>>>

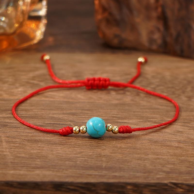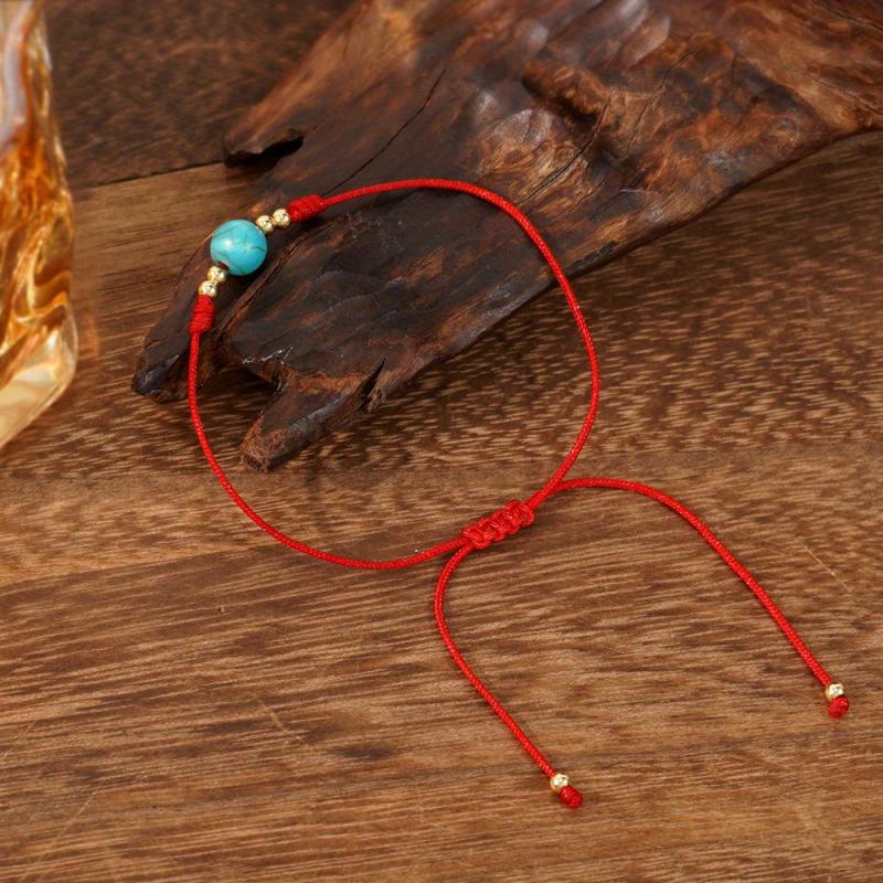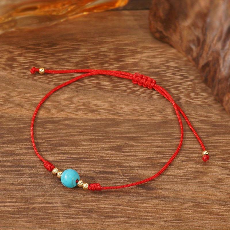 Boho Style Semi-Synthetic Gemstone Red Cord Bracelet
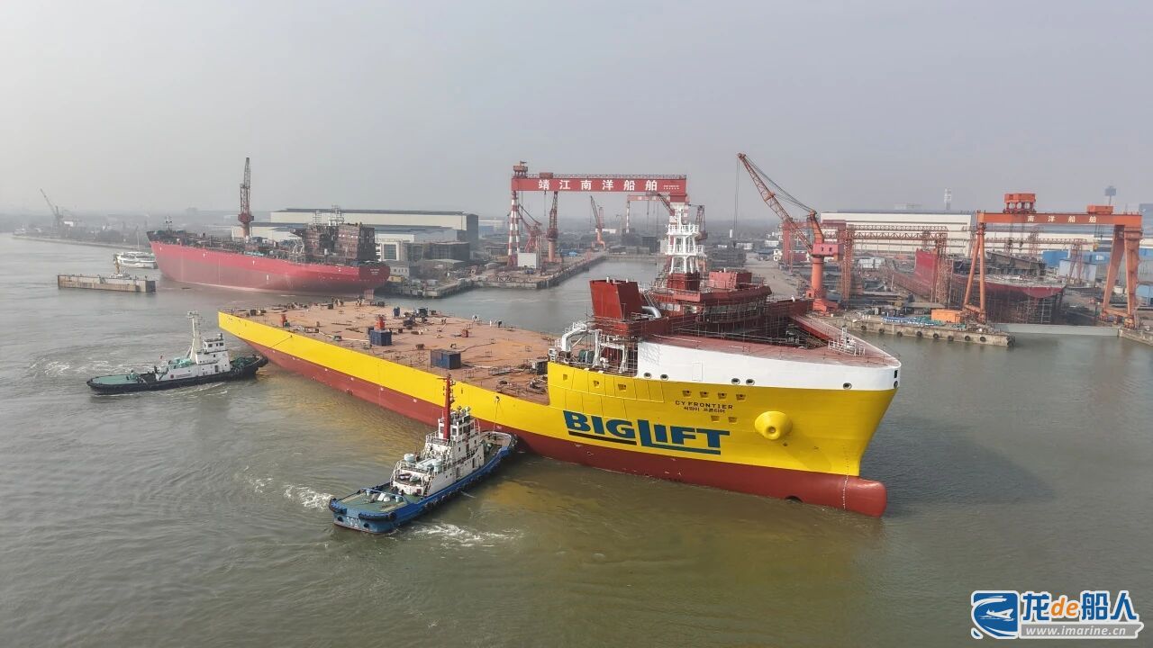 靖江南洋船舶一艘大型甲板运输驳船出坞
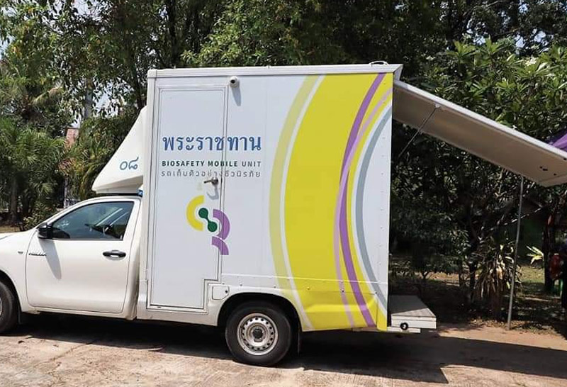 แต่อย่างใดก็ตามเพื่อให้การบริหารความเสี่ยงมีประสิทฺธิภาพสูงสุด และประชาชนที่มีความเสี่ยงต่ำที่มีความกังวล จำนวน 1,139 ราย จาก 269 ครัวเรือน ได้คลายความกังวล ได้เข้ารับการตรวจยืนยัน คณะกรรมการโรคติดต่อจังหวัดนครพนมจึงได้ส่งเจ้าหน้าที่ลงพื้นที่ตรวจคัดกรองกลุ่มบุคคลดังกล่าว แต่ด้วยการตรวจในปริมาณที่มากเช่นนี้จะต้องใช้เวลาหลายวัน เนื่องจากกำลังของเจ้าหน้าที่สาธารณสุขในพื้นที่มีไม่เพียงพอ และด้วยพระเมตตาของพระบาทสมเด็จพระเจ้าอยู่หัว ได้ทรงพระราชทานรถตรวจโรคติดเชื้อชีวนิรภัย มาให้บริการประชาชนตรวจคัดกรองเชิงรุกหาเชื้อโควิด-19 ให้ในพื้นที่ ถือเป็นพระมหากรุณาธิคุณอย่างยิ่งต่อประชาชนชาวจังหวัดนครพนม เพราะจะทำให้การค้นหาผู้สงสัยผู้ป่วยติดเชื้อในชุมชนเป็นไปได้ความรวดเร็วเพราะเข้าถึงประชาชนได้ง่าย เจ้าหน้าที่ผู้เก็บตัวอย่างมีความปลอดภัย ลดภาระการใช้อุปกรณ์ป้องกันส่วนบุคคล (ppe) ทำให้การทำงานของแพทย์และมาตรการทางการแพทย์รวดเร็วมากยิ่งขึ้น
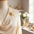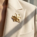 洗練されたシンプルな花のデザインが特徴の「フロラルブローチ」。緩やかな曲線とメタリックな輝きが調和し、上品でモダンな印象を与える一品です。ペタル部分には柔らかな光沢感があり、華やかさと落ち着きを併せ持つデザインが魅力的です。カジュアルからフォーマルまで幅広いシーンで活躍するこのブローチは、ファッションにさりげないアクセントをプラスします。ジャケットやストール、ハットなどに合わせて、日常の装いを格上げするアイテムとして最適です。
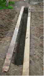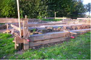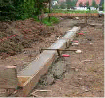 Der Beton wird in einer Betonmischmaschine erdfeucht angemischt und in Lagen von ca. 15 cm in den Graben eingebracht. Die Bretter an den Seiten des Grabens verhindern, dass dabei Erde in den Graben fällt. Die einzelnen Lagen müssen verdichtet werden. Hierfür verwenden wir eine kleine Gartenharke. Ist beim Verfüllen des Grabens das Niveau des Bodens erreicht wird eine Schalung gebaut. Die Schalung wird in Flucht und Höhe exakt ausgerichtet. Mit der über das Schnurgerüst gespannten Maurerschnur lässt sich die geplante Höhe des fertigen Fundamentes genau bestimmen.
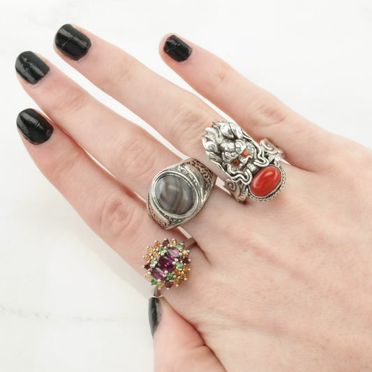 Vintage Chinese Export Silver Ring Coral Dragon Sterling Red Size 6 3/4
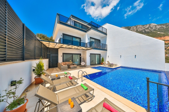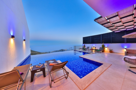 Açıklama: Kalkan Kördere mevkinde konumlanan Villa Zara, 3 yatak odalı olup 6 kişilik konaklama kapasitesine sahiptir. Villamızın ebeveyn odasında jakuzi bulunmakta olup çekirdek aileler ve geniş aileler için özenle tasarlanmıştır. Eşsiz bir deniz manzarasına sahip olan villamız da sonsuzluk havuzuna bulunmakta olup havuz başı korunaklıdır. Küçük misafirlerimiz için düşünülmüş çocuk havuzu ve bebek park yatağı da bulunmaktadır. Rahatlığın ve konforun ön planda olduğu villamızda tatilliniz boyunca ihtiyaç duyabileceğiniz tüm ekipmanlar mevcuttur.
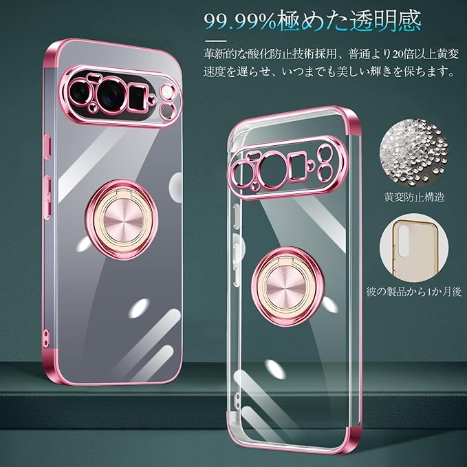 Cexitesuo for Google ピクセル 10 Pro XL ケース リング付き クリア ピクセル10Pro XL ケース 耐衝撃 スタンド機能 ストラップホール付き 軽量 スリム ソフト TPU ピクセル 10pro xl カバー 透明 TPU 擦り傷防止 落下防止 (ローズゴールド)
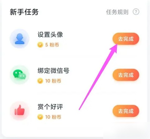 来到下一页,即可看到新手任务,选择任务,点击去完成即可获得粉币。
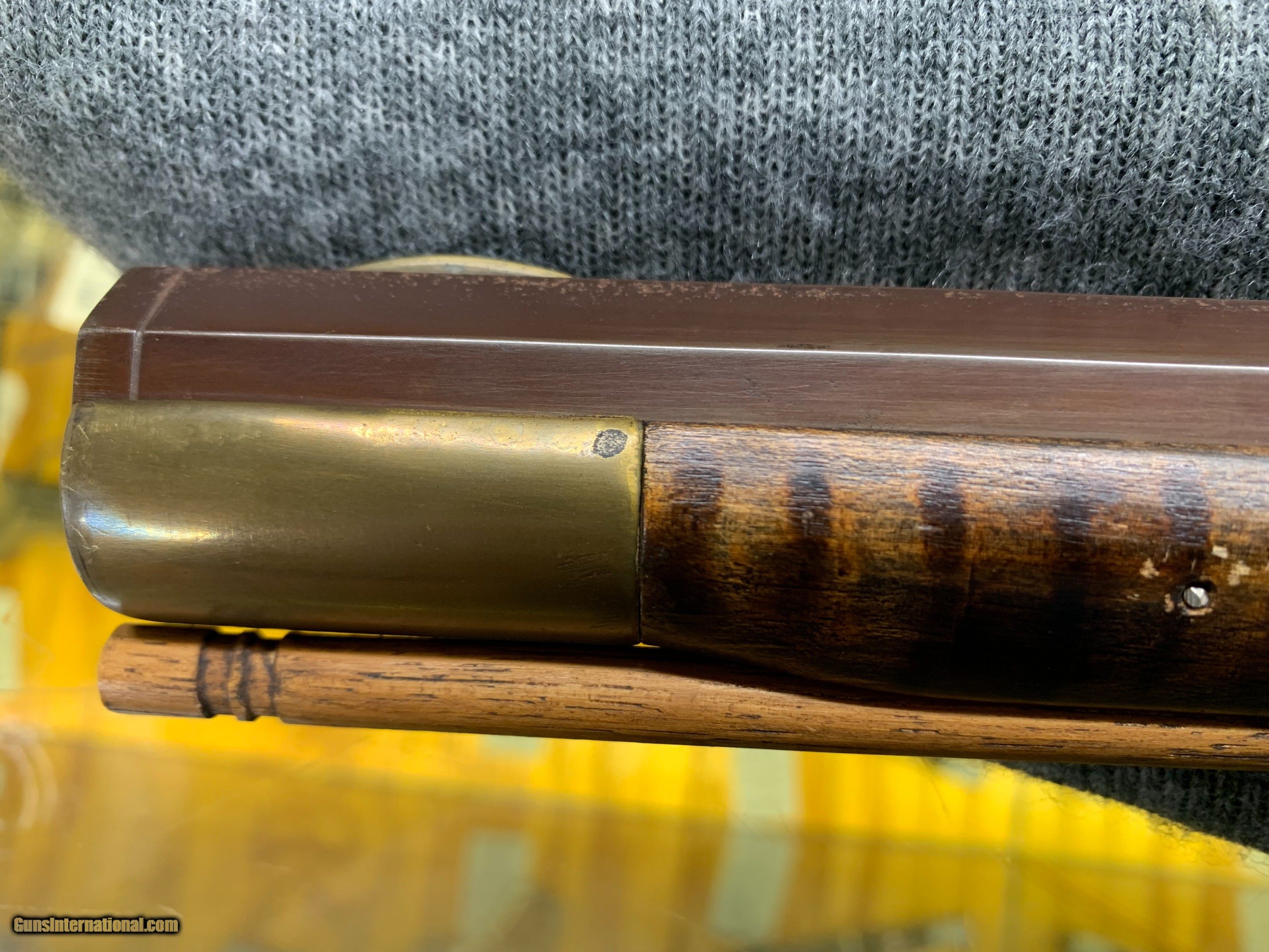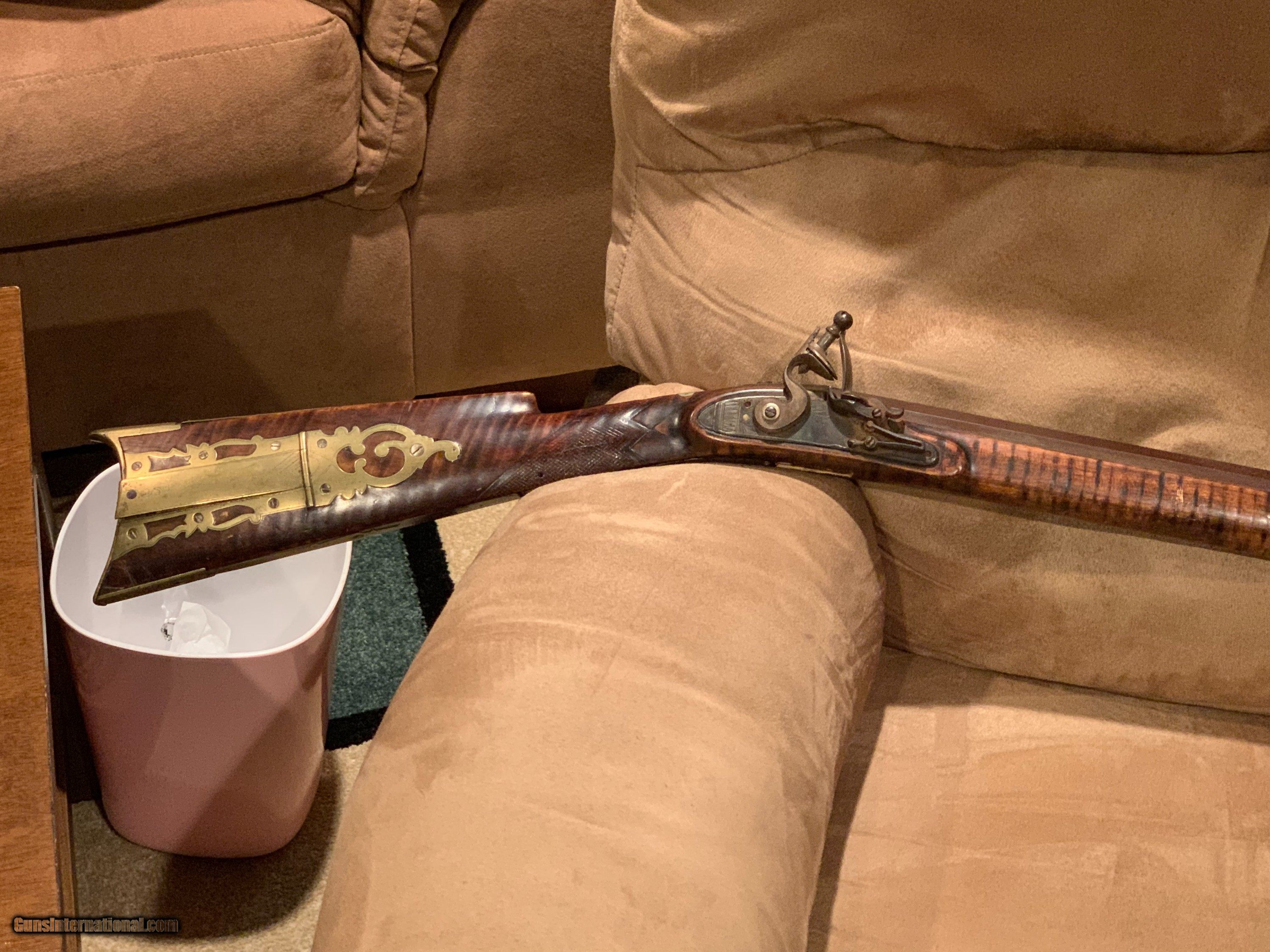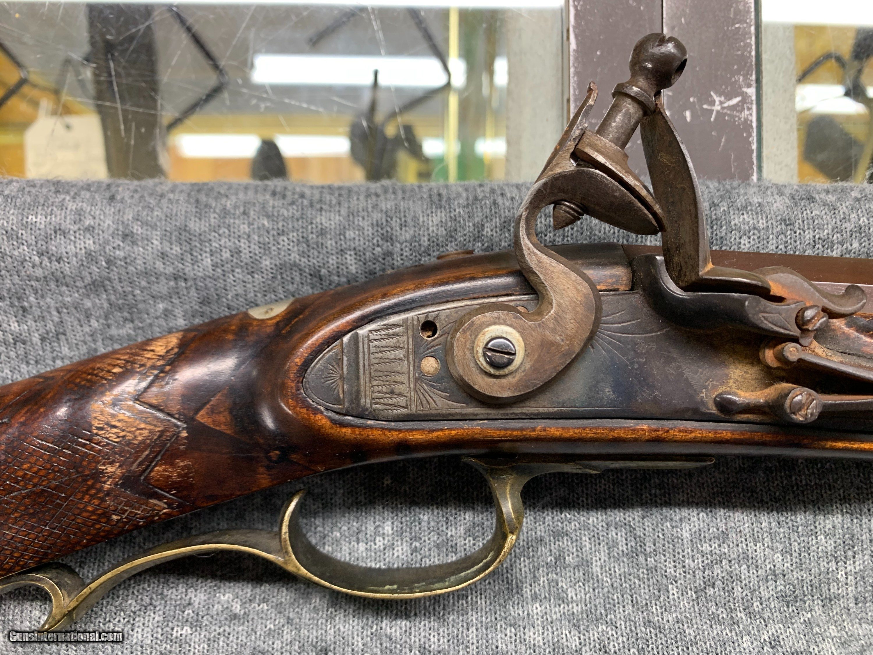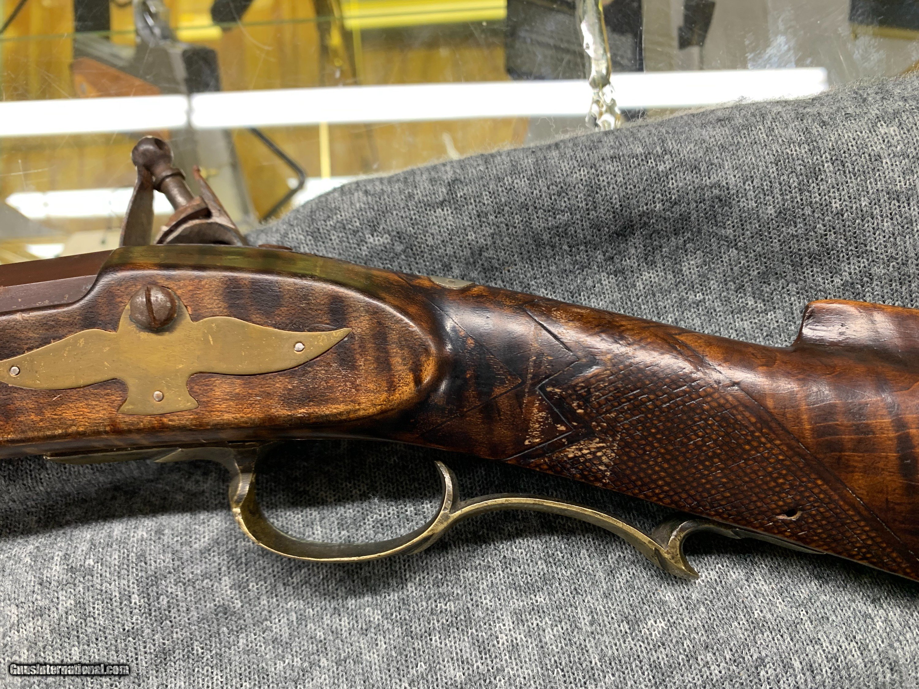 Description: "Henry Eckler Kentucky Flintlock Rifle" For sale is a Henry Eckler Kentucky Flintlock Rifle. Stock foreend and barrel have been replaced. Rear of the stock is supposed to be original. 40" barrel, believed to be .40 caliber. Trigger was removed during replacement of front of gun, and was not installed. Trigger guard remains intact and installed, however. SOLD |
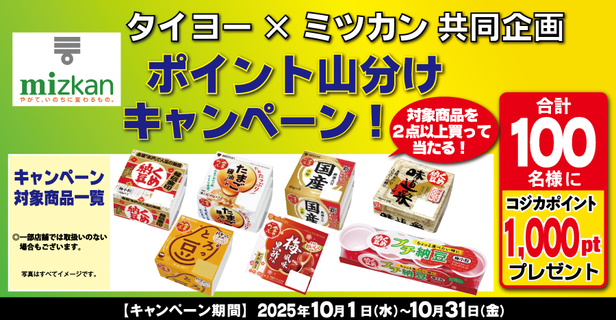 対象商品の中から、期間中にいづれか2点以上ご購入頂き、お支払い時にレジにてコジカカードを
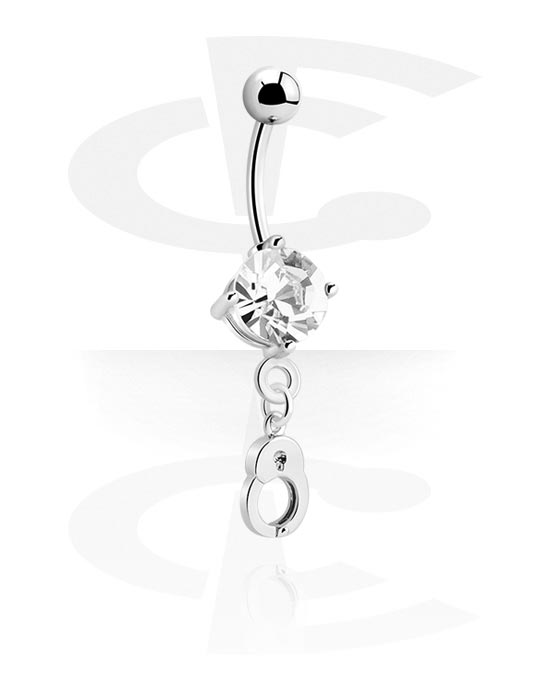 Kolczyk do pępka (stal chirurgiczna, srebro, błyszczące wykończenie) z charmsem kajdankami i z kryształem
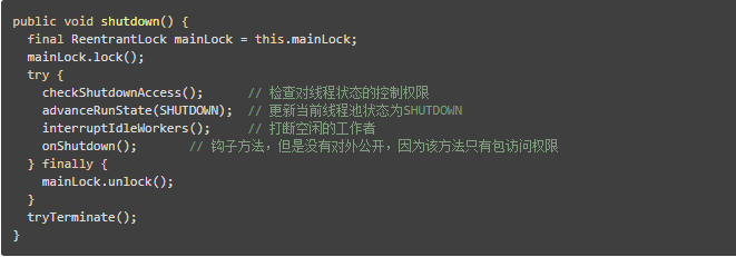 以上execute()方法的主要实现步骤,在ThreadPoolExecutor中另一个至关重要的方法则是shutdown()方法,以下是shutdown()方法的主要代码:
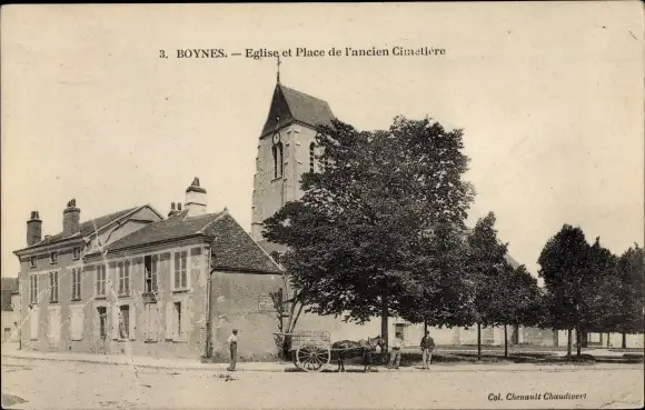 Ak Boynes Loiret, Eglise et Place de l'ancien Cimetiere

<<<

* [Action item]: The entries must be written out again unchanged. Images are to be left out.

* [Exercise solution]:
 Boho Style Semi-Synthetic Gemstone Red Cord Bracelet
 靖江南洋船舶一艘大型甲板运输驳船出坞
 แต่อย่างใดก็ตามเพื่อให้การบริหารความเสี่ยงมีประสิทฺธิภาพสูงสุด และประชาชนที่มีความเสี่ยงต่ำที่มีความกังวล จำนวน 1,139 ราย จาก 269 ครัวเรือน ได้คลายความกังวล ได้เข้ารับการตรวจยืนยัน คณะกรรมการโรคติดต่อจังหวัดนครพนมจึงได้ส่งเจ้าหน้าที่ลงพื้นที่ตรวจคัดกรองกลุ่มบุคคลดังกล่าว แต่ด้วยการตรวจในปริมาณที่มากเช่นนี้จะต้องใช้เวลาหลายวัน เนื่องจากกำลังของเจ้าหน้าที่สาธารณสุขในพื้นที่มีไม่เพียงพอ และด้วยพระเมตตาของพระบาทสมเด็จพระเจ้าอยู่หัว ได้ทรงพระราชทานรถตรวจโรคติดเชื้อชีวนิรภัย มาให้บริการประชาชนตรวจคัดกรองเชิงรุกหาเชื้อโควิด-19 ให้ในพื้นที่ ถือเป็นพระมหากรุณาธิคุณอย่างยิ่งต่อประชาชนชาวจังหวัดนครพนม เพราะจะทำให้การค้นหาผู้สงสัยผู้ป่วยติดเชื้อในชุมชนเป็นไปได้ความรวดเร็วเพราะเข้าถึงประชาชนได้ง่าย เจ้าหน้าที่ผู้เก็บตัวอย่างมีความปลอดภัย ลดภาระการใช้อุปกรณ์ป้องกันส่วนบุคคล (ppe) ทำให้การทำงานของแพทย์และมาตรการทางการแพทย์รวดเร็วมากยิ่งขึ้น
 洗練されたシンプルな花のデザインが特徴の「フロラルブローチ」。緩やかな曲線とメタリックな輝きが調和し、上品でモダンな印象を与える一品です。ペタル部分には柔らかな光沢感があり、華やかさと落ち着きを併せ持つデザインが魅力的です。カジュアルからフォーマルまで幅広いシーンで活躍するこのブローチは、ファッションにさりげないアクセントをプラスします。ジャケットやストール、ハットなどに合わせて、日常の装いを格上げするアイテムとして最適です。
 Der Beton wird in einer Betonmischmaschine erdfeucht angemischt und in Lagen von ca. 15 cm in den Graben eingebracht. Die Bretter an den Seiten des Grabens verhindern, dass dabei Erde in den Graben fällt. Die einzelnen Lagen müssen verdichtet werden. Hierfür verwenden wir eine kleine Gartenharke. Ist beim Verfüllen des Grabens das Niveau des Bodens erreicht wird eine Schalung gebaut. Die Schalung wird in Flucht und Höhe exakt ausgerichtet. Mit der über das Schnurgerüst gespannten Maurerschnur lässt sich die geplante Höhe des fertigen Fundamentes genau bestimmen.
 Vintage Chinese Export Silver Ring Coral Dragon Sterling Red Size 6 3/4
 Açıklama: Kalkan Kördere mevkinde konumlanan Villa Zara, 3 yatak odalı olup 6 kişilik konaklama kapasitesine sahiptir. Villamızın ebeveyn odasında jakuzi bulunmakta olup çekirdek aileler ve geniş aileler için özenle tasarlanmıştır. Eşsiz bir deniz manzarasına sahip olan villamız da sonsuzluk havuzuna bulunmakta olup havuz başı korunaklıdır. Küçük misafirlerimiz için düşünülmüş çocuk havuzu ve bebek park yatağı da bulunmaktadır. Rahatlığın ve konforun ön planda olduğu villamızda tatilliniz boyunca ihtiyaç duyabileceğiniz tüm ekipmanlar mevcuttur.
 Cexitesuo for Google ピクセル 10 Pro XL ケース リング付き クリア ピクセル10Pro XL ケース 耐衝撃 スタンド機能 ストラップホール付き 軽量 スリム ソフト TPU ピクセル 10pro xl カバー 透明 TPU 擦り傷防止 落下防止 (ローズゴールド)
 来到下一页,即可看到新手任务,选择任务,点击去完成即可获得粉币。
 Description: "Henry Eckler Kentucky Flintlock Rifle" For sale is a Henry Eckler Kentucky Flintlock Rifle. Stock foreend and barrel have been replaced. Rear of the stock is supposed to be original. 40" barrel, believed to be .40 caliber. Trigger was removed during replacement of front of gun, and was not installed. Trigger guard remains intact and installed, however. SOLD |
 対象商品の中から、期間中にいづれか2点以上ご購入頂き、お支払い時にレジにてコジカカードを
 Kolczyk do pępka (stal chirurgiczna, srebro, błyszczące wykończenie) z charmsem kajdankami i z kryształem
 以上execute()方法的主要实现步骤,在ThreadPoolExecutor中另一个至关重要的方法则是shutdown()方法,以下是shutdown()方法的主要代码:
 Ak Boynes Loiret, Eglise et Place de l'ancien Cimetiere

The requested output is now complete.